First off, if your firewall can ping 8.8.8.8 it can access the WAN, as 8.8.8.8 (hopefully, or you have bigger issues) is on the WAN. It not being able to do updates etc is probably a DNS issue in that case, probably caused by your firewall not being able to access your DNS server due to improper configuration on either the firewall, the switches or the DNS server itself.

Is your DNS server allowing clients coming from subnets other than its own? Can your Wireguard clients also ping 8.8.8.8? If so, they probably share the DNS issue with your firewall.

I would recommend trying to debug this iteratively, as this sort of problem has a lot of potential error sources that is hard to know of no matter how many screenshots you provide, like the configuration of your switches and DNS server. Try this:

Computer A cant reach computer B. What is the IP of A? What is the subnet of A? If it is different from the subnet of B, what route should it take to reach B? What is the next step on that route? Can we successfully reach this next step? Does the next hop on the route know where to go to reach the subnet for B? If so, what is the next step?
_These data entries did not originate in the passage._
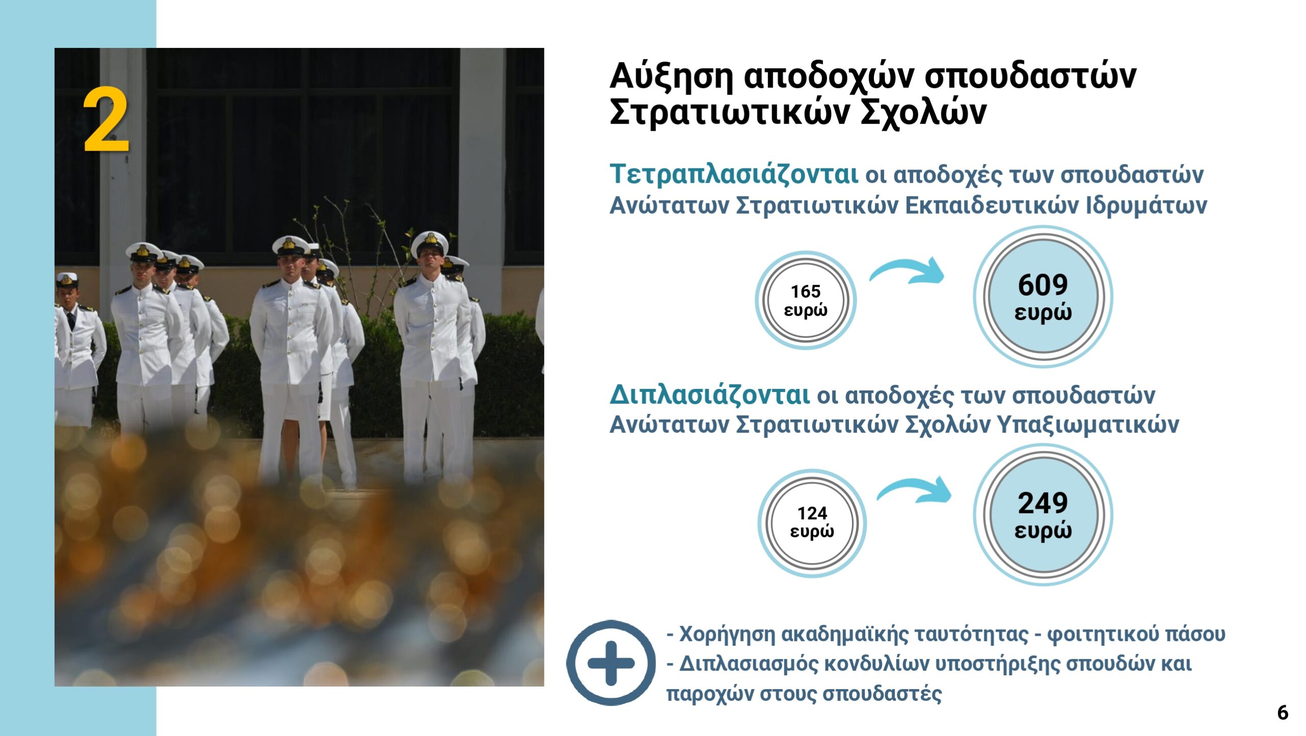 Εξειδικεύοντας, ο Νίκος Δένδιας επισήμανε ότι αναφορικά με την αύξηση των αποδοχών των σπουδαστών στρατιωτικών σχολών, τετραπλασιάζονται οι αποδοχές των σπουδαστών Ανώτατων Στρατιωτικών Εκπαιδευτικών Ιδρυμάτων από 165 ευρώ σε 609 ευρώ, ενώ διπλασιάζονται οι αποδοχές των Ανώτατων Στρατιωτικών Σχολών Υπαξιωματικών από 124 σε 249 ευρώ.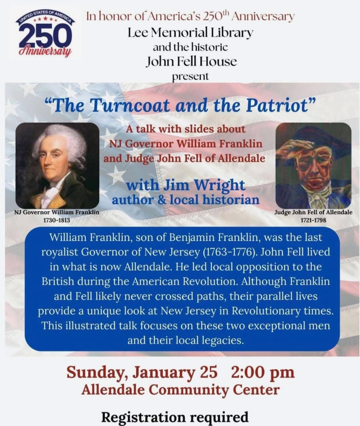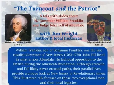 Join Jim Wright for a talk with slides about two of Allendale's notable Revolutionary War figures: NJ Governor Will Franklin (Benjamin Franklin's son - and a Loyalist!) and Judge John Fell.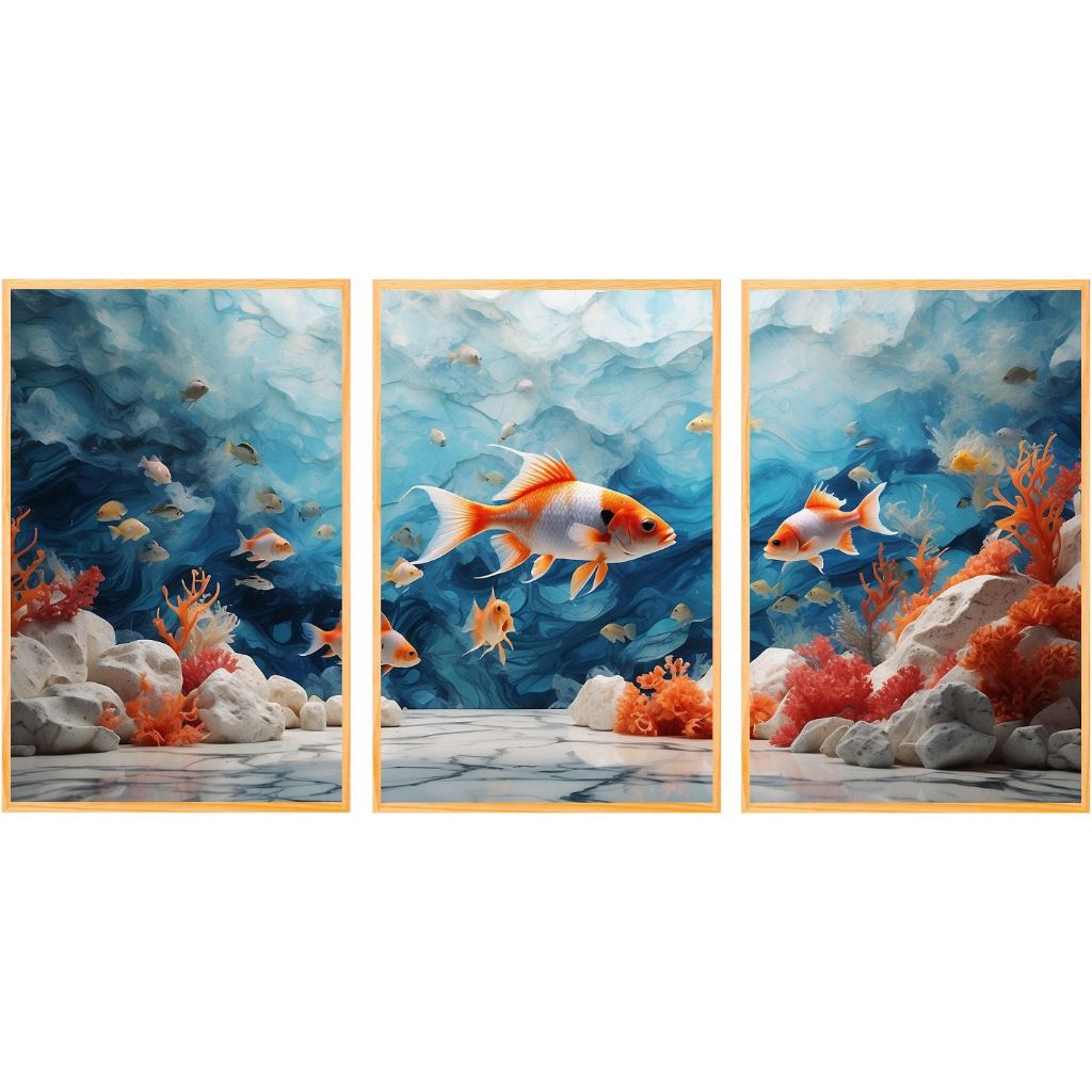 Quadro Decorativo Paisagem Praia Mar Por do sol com Moldura 3 peças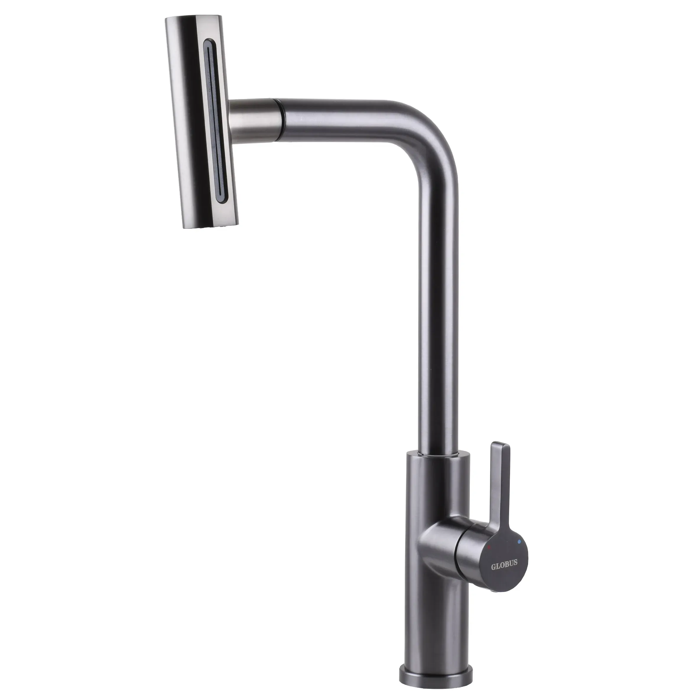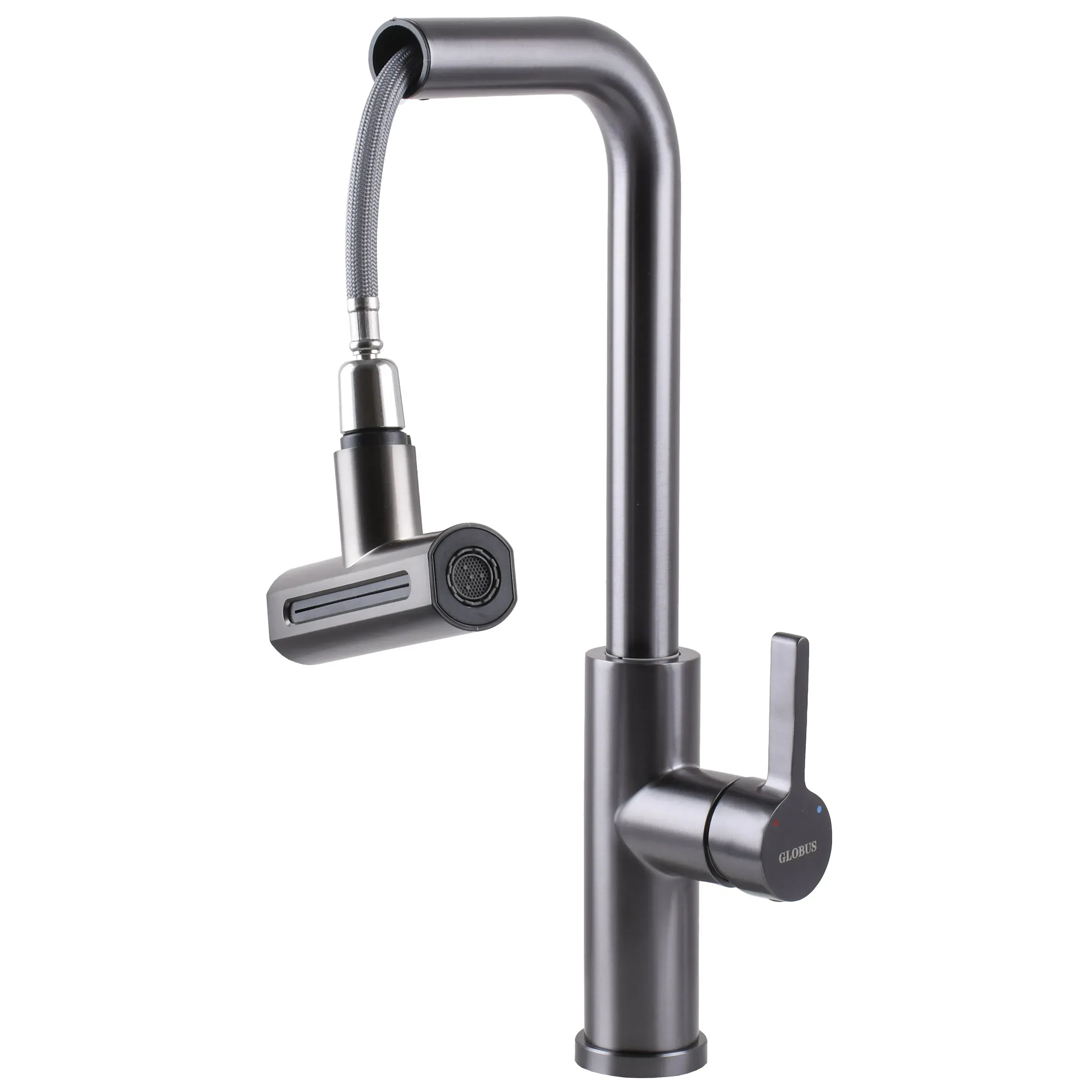 Змішувач для кухні Globus Lux ALPEN SBT1-2044-GP з витяжною лійкою (4 режима) водоспад-душ, графіт

Repeat until we've reached B, ideally ensuring each step on the way is acting as it should either trough something like wireguard or the built in tools of your firewall/switch/gateway/etc.
Assuming the problem hasnt been found, repeat from B to A, as responses might not reach us resulting in a broken connection even if we can reach B.
If the routing makes sense, is there a firewall on the way that doesnt allow us to reach B from A? Can we instead reach A from B? If not, we've found the problem.

I would strongly reccomend drawing your network layout (or at least the route you are trying to debug) in a flowchart tool (diagrams.net being a good option), as it is extremely hard to keep track of everything otherwise.

[–] [email protected] 0 points 8 months ago (1 children)

Ok, it's definitely an issue with the firewall not sending traffic from itself to LAN. It's weird, it's passing traffic, but it cannot ping or access anything on the LAN including things on the 99 VLAN (so it's local VLAN). The DNS requests are for sure failing from the firewall...but they work fine for the rest of the LAN. Any client can get a DNS response from the DNS server on the 2 VLAN, and can access the resulting site.

For now, I'm just excluding the wireguard thing, I think it's a distraction to the problem that the firewall has some sort of bad routing going on.

I have a diagram, but at this point it's pretty local to the firewall itself and I think it's around the gateway/route configuration. I got some advice on the opnsense forum that my static routes are wrong; they say to make a single static route of 10.0.0.0/8 instead of one for each VLAN, turn off "upstream gateway" on the LAN GW (which when I do that I lose all WAN connectivity...which is a concern but I can revert). When I do the cli configuration, and I assign an IP for LAN, it asks if I want to put a gateway; it kind of says "it should be yes for wan, but no for LAN" but if I do no, I can't access the internet from any clients, and if I do yes, it ticks "upstream gateway" on the lan gateway. Something is awry, but I'm gonna try again after making some static route changes.